◆ **Work to complete**: For this task, copy all of the data below exactly and skip the pictures.

◆ **Source material**:
####################
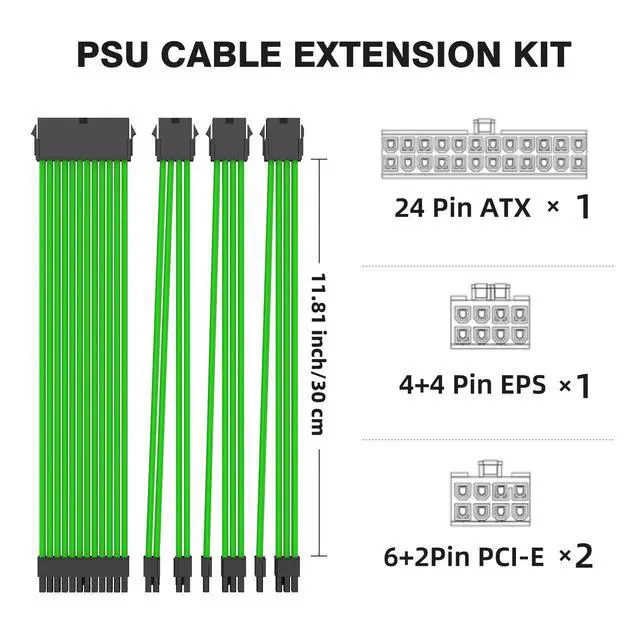 The kit includes: 1x24 PIN ATX Extension Cable (For Motherboard), 1x4+4 PIN EPS Cable (For CPU), 2x 8to 6+2 PIN PCI-E Cable (For GPU) ^^ 16AWG CABLESOur PSU extension cable uses 16AWG copper wire, which significantly increases the copper content, reduces resistance and power consumption, and solves the problem of power line heating caused by the use of high-power products ^^ CABLE COMBSThe set of white connector housing provides 4 pure white cable combs for each cable. The set of black connector housing provides 8 cable combs (4 clear+4 black) for each cable ^^ MULTIPLE COLORSSMEOZZ offers a variety of colors for you to choose from, allowing you to freely DIY your computer case and make it stand out from the crowd ^^ SALES SERVICEIf you have any questions or problems in your shopping, please contact us. Our team will provide you with the good service.
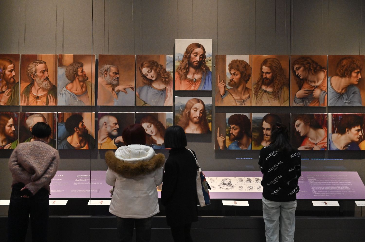 《最后的晚餐》和十三位主角的数字重建。(图片来源:中新社)
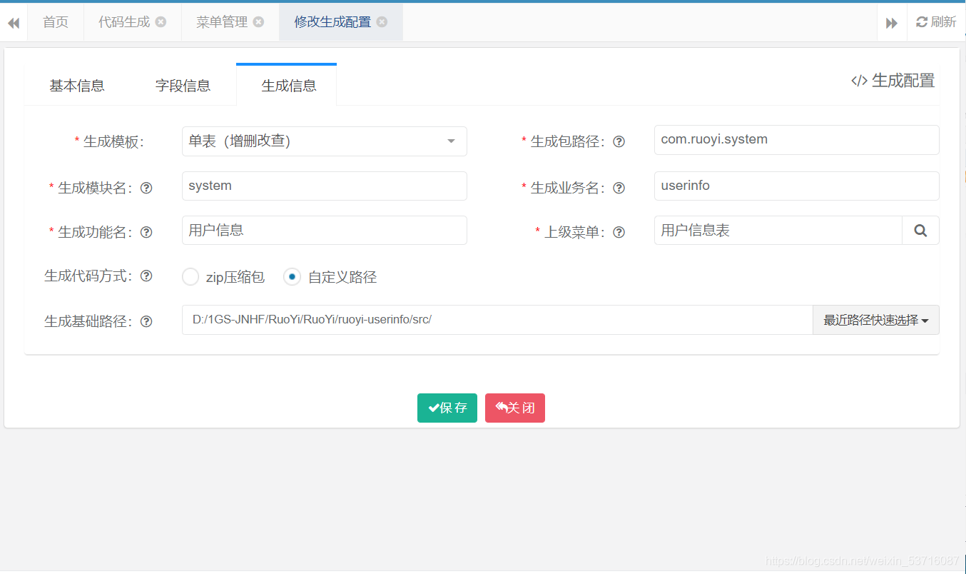 packageName: com.ruoyi.userinfo# 默认生成包路径
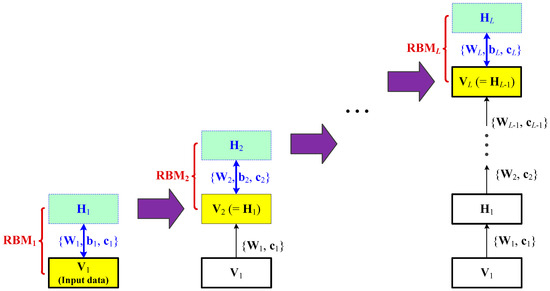 A brief construction of the main DBN structure with multiple layers is shown in Figure 1. With L individual restricted Boltzmann machine (RBM) modules represented as , DBN can extract nonlinear features of the input data hierarchically in the unsupervised learning stage [22]. Each RBM module has a visible layer, V, related to the input data and a hidden layer, H, denoting the outputs, respectively. and are both vectors with binary values (one or zero). Utilizing the input data as the first visible layer , the first RBM module (i.e., RBM1) is trained using the parameters to obtain . With a built RBM1, let , and RBM2 can be trained similarly. Sequentially, the RBMl module with and is trained and finally a series of RBMs are obtained [22].
####################
◆ **Response to the task**:
 The kit includes: 1x24 PIN ATX Extension Cable (For Motherboard), 1x4+4 PIN EPS Cable (For CPU), 2x 8to 6+2 PIN PCI-E Cable (For GPU) ^^ 16AWG CABLESOur PSU extension cable uses 16AWG copper wire, which significantly increases the copper content, reduces resistance and power consumption, and solves the problem of power line heating caused by the use of high-power products ^^ CABLE COMBSThe set of white connector housing provides 4 pure white cable combs for each cable. The set of black connector housing provides 8 cable combs (4 clear+4 black) for each cable ^^ MULTIPLE COLORSSMEOZZ offers a variety of colors for you to choose from, allowing you to freely DIY your computer case and make it stand out from the crowd ^^ SALES SERVICEIf you have any questions or problems in your shopping, please contact us. Our team will provide you with the good service.
 《最后的晚餐》和十三位主角的数字重建。(图片来源:中新社)
 packageName: com.ruoyi.userinfo# 默认生成包路径
 A brief construction of the main DBN structure with multiple layers is shown in Figure 1. With L individual restricted Boltzmann machine (RBM) modules represented as , DBN can extract nonlinear features of the input data hierarchically in the unsupervised learning stage [22]. Each RBM module has a visible layer, V, related to the input data and a hidden layer, H, denoting the outputs, respectively. and are both vectors with binary values (one or zero). Utilizing the input data as the first visible layer , the first RBM module (i.e., RBM1) is trained using the parameters to obtain . With a built RBM1, let , and RBM2 can be trained similarly. Sequentially, the RBMl module with and is trained and finally a series of RBMs are obtained [22].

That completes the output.